Who doesn’t love June?  Most of us fell in love with June during our youth.  With the end of the school year and nearly 16 hours of daylight in Maine, we could pack nearly twice as much outdoors activity into a day than we could during the December solstice – and be much warmer doing it.  As an added bonus, flora and fauna abounds – as do visits from friends “from away”.  June is fun, carefree, radiant, and bursting with vibrant shades of green.

In June, we reacquaint ourselves with our yards.  We spend more time working our gardens, dining outside, or sitting on the porch with a good book and the cheerful greetings of passing neighbors.  June is a month when our wild friends spend more time in our yards too – including many breeding birds who capture our attention as they busily forage to feed their hungry offspring.  Of course, some yards are more popular than others.  How does yours measure up?
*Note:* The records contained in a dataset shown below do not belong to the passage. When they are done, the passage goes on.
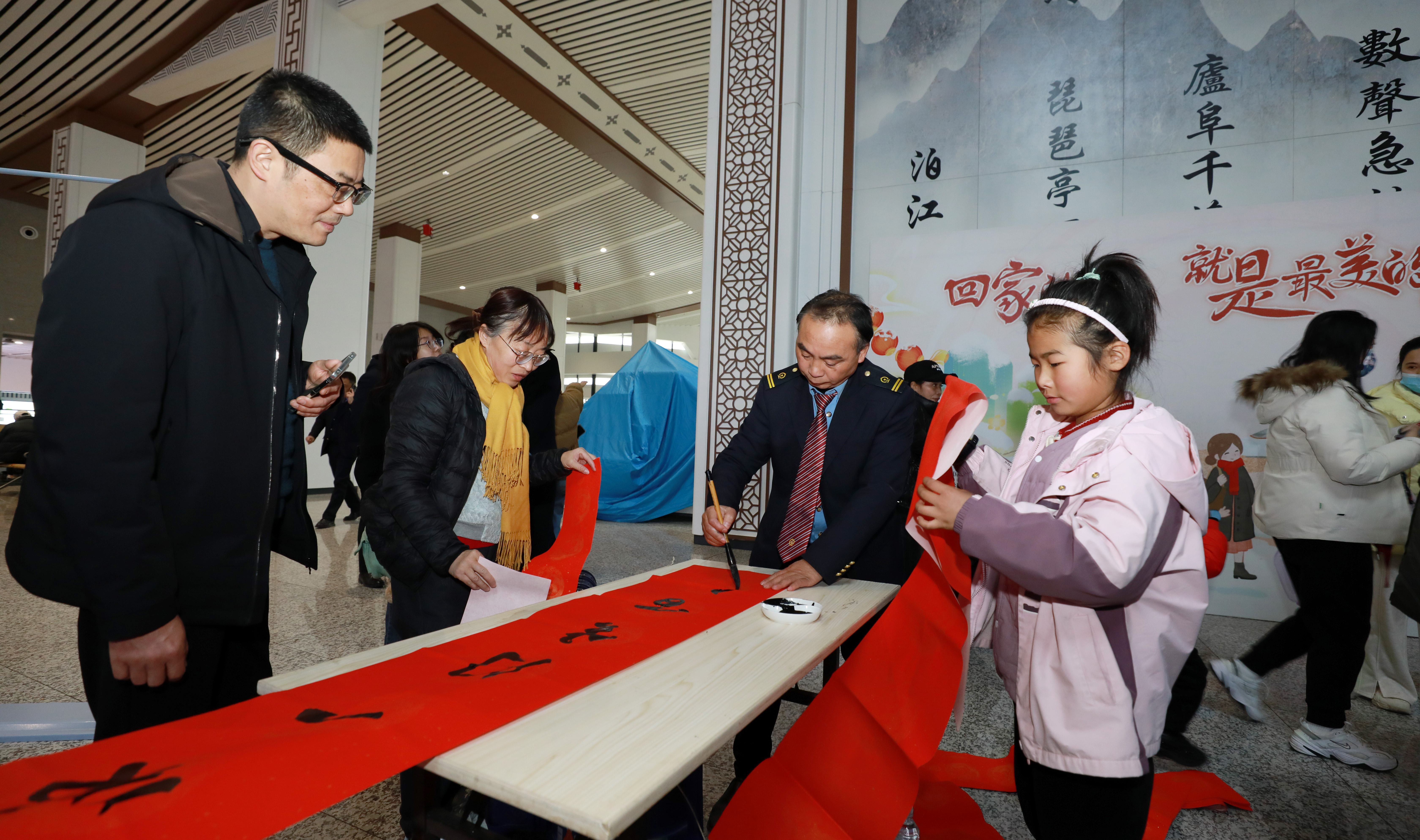 免费为旅客送春联。(九江日报全媒记者 孙昌模 摄)
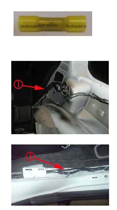11. Black wire (1) of the trailer module harness to the Black wire on the accessory wire for GND.
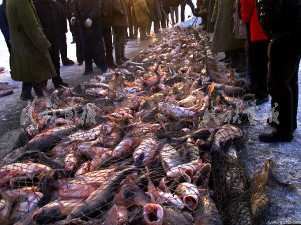 隨著“魚把頭”高亢的號子,馬拉人拽,一張幾千米長的大網(wǎng),被緩緩地拉出冰面。鯉魚、鯽魚、鰱魚、鯰魚等各種魚類一群一群翻上了冰眼。轉(zhuǎn)眼之間,冰面上堆起了一個(gè)個(gè)魚垛。
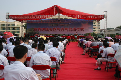 信義玻璃東莞事業(yè)部天然氣通氣慶典儀式得到了東莞市、虎門(mén)鎮(zhèn)政府相關(guān)領(lǐng)導(dǎo)和虎門(mén)鎮(zhèn)路東村社區(qū)群眾的關(guān)注,東莞市、虎門(mén)鎮(zhèn)政府相關(guān)領(lǐng)導(dǎo)、中海油集團(tuán)代表、駐虎門(mén)各媒體記者等共1000余人參加了此次的“油改氣”工程啟動(dòng)儀式。“油改氣”工程的啟動(dòng),成為信義玻璃在清潔能源利用、促進(jìn)節(jié)能環(huán)保史上的重要里程碑。
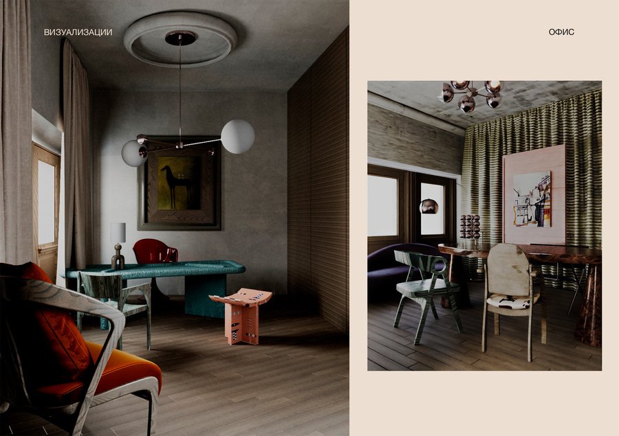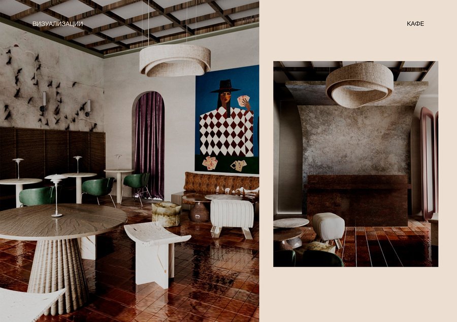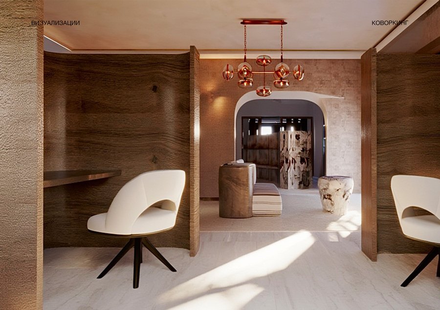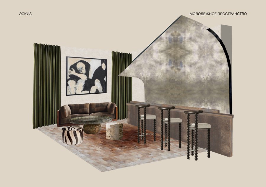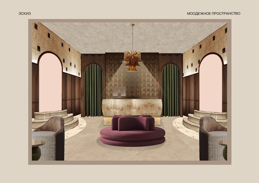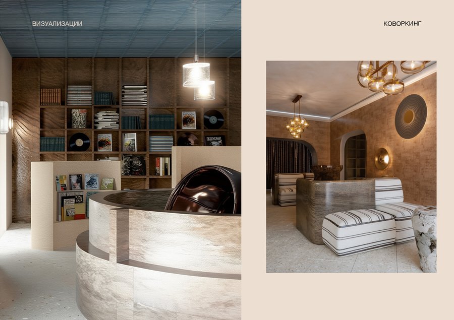 Пространство создаёт ощущение культового места для работы и встреч, где эстетика важна не меньше функциональности. Интерьер основан на сочетании глубоких оттенков, выразительных материалов и тщательно выстроенной световой среды, напоминающей атмосферу частных арт-клубов. Арочные формы, текстильные драпировки, коллекционная мебель и локальные акценты формируют интеллектуальный и утончённый характер пространства.

Would you like to be an even better “host family”?

At Maine Audubon, our Bringing Nature Home program has grown more popular every year.  The program, which is based on Doug Tallamy’s enormously popular book of the same title, espouses the importance of sharing our land with wildlife by creating a habitat that enables wildlife to flourish: https://maineaudubon.org/projects/plants/  The program is catching on rapidly.  Our Education Director, Eric Topper, presented the program to nearly fifty audiences across the state in the past year.  Last year our native plants sales tripled, after doubling the year before.  This year, we’ve expanded our cultivation space to grow even more plants – to support sales at new sites (such as our Fields Pond Audubon Center) and to fulfill the burgeoning demand at our Gilsland Farm Audubon Sanctuary in Falmouth.  The successful Fields Pond sale is already behind us, but please join us on Saturday, June 15 at Gilsland Farm to learn more about native plants and to improve the habitat of your yard.  Every plant you buy gives twice – it feeds our wildlife friends, and provides funding for our programs.
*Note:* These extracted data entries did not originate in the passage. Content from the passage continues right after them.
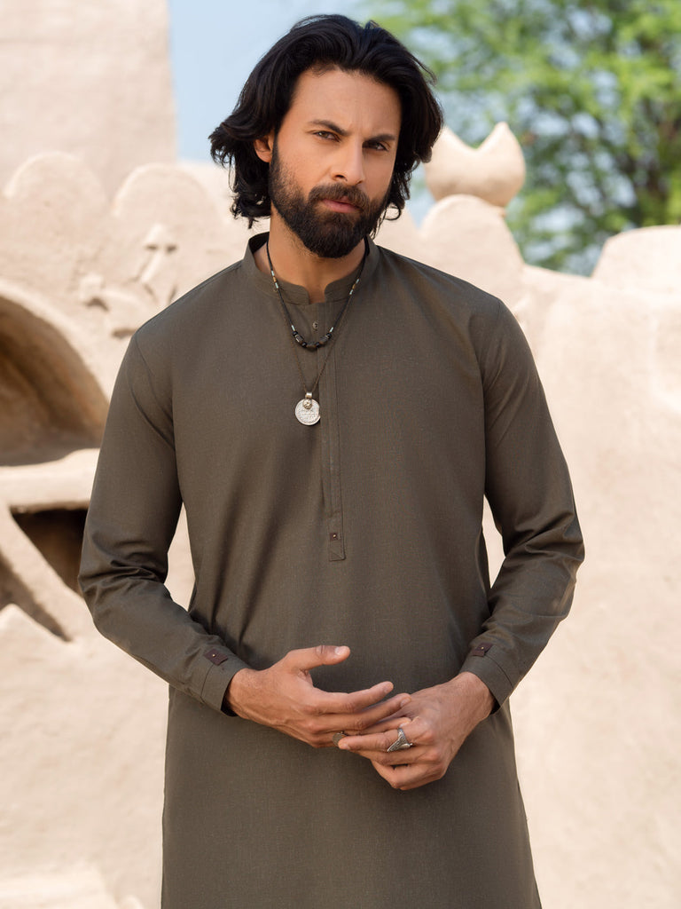 Kameez shalwar featuring minimal stitch details on the placket with premium quality buttons
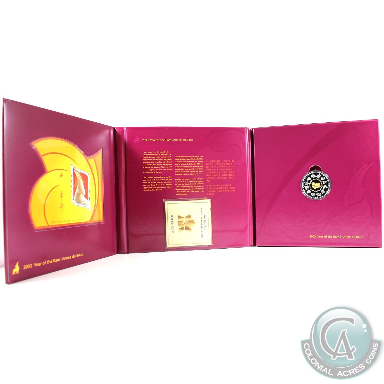 2003 Canada $15 Year of the Ram Sterling Silver and Gold Plated Cameo Coin and Stamp Set with all Original Packaging from the RCM and Canada Post.
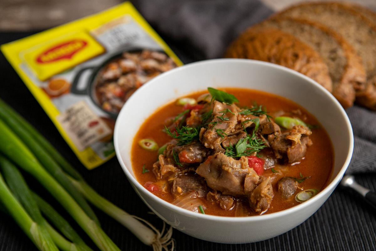 Куриные желудки важно как следует промыть и очистить от пленок. По этому рецепту к желудкам можно добавить куриные сердечки. Ингредиенты Куриные желудки-500 гр MAGGI® НА ВТОРОЕ для гуляша – 1 пачка Вода- 350 мл Лук-150 гр Масло растительное- 30 гр Укроп-10 гр Зеленый лук-10 гр Розовый перец –1 гр Острый перец-3 гр Болгарский перец-100 гр Помидоры в собственном соку- 100 гр Как приготовить Подготовить и очистить овощи. Нарезать лук кубиками. Болгарский перец нарезать кубиками. Куриные желудки промыть. Обжарить лук ,болгарский перец и желудки до полуготовности. Добавить MAGGI® НА ВТОРОЕ для гуляша, воду, специи, острый перец, нарезанный колечками, и помидоры в собственном соку. Тушить до готовности. Подать горячим , при желании украсить свежей зеленью. В качестве соуса хорошо подойдет сметана. Приятного аппетита! : ) Заранее благодарим за поставленные лайки! Комментируйте, готовьте с удовольствием и делитесь своими результатами. Сохраняйте в соц.сетях. Идеи всех интересных рецептов

Of course, June is also a perfect month for venturing beyond your own yard.  For me it is a multimodal affair.  On any given day, I could be paddling, running, biking, or walking.  On a recent morning, calm seas and a high tide made paddling my sea kayak the preferred mode. On the glass-smooth water, I paddled across Casco Bay out to Halfway Rock to see if I might spy any resting seals.  Zip. But… I was quite surprised to see a huge American White Pelican who handily dwarfed its accompanying cormorants.  This is one of our largest flying birds, with a wingspan of nearly ten feet.  He was way out of his home range, so this was a delightful find.  As I said in my first paragraph, June is the month to enjoy visits with friends from away.  June is a great month to explore all of the nooks and crannies of Maine; you never know what you are going to discover.  Go explore and let me know what delights you find.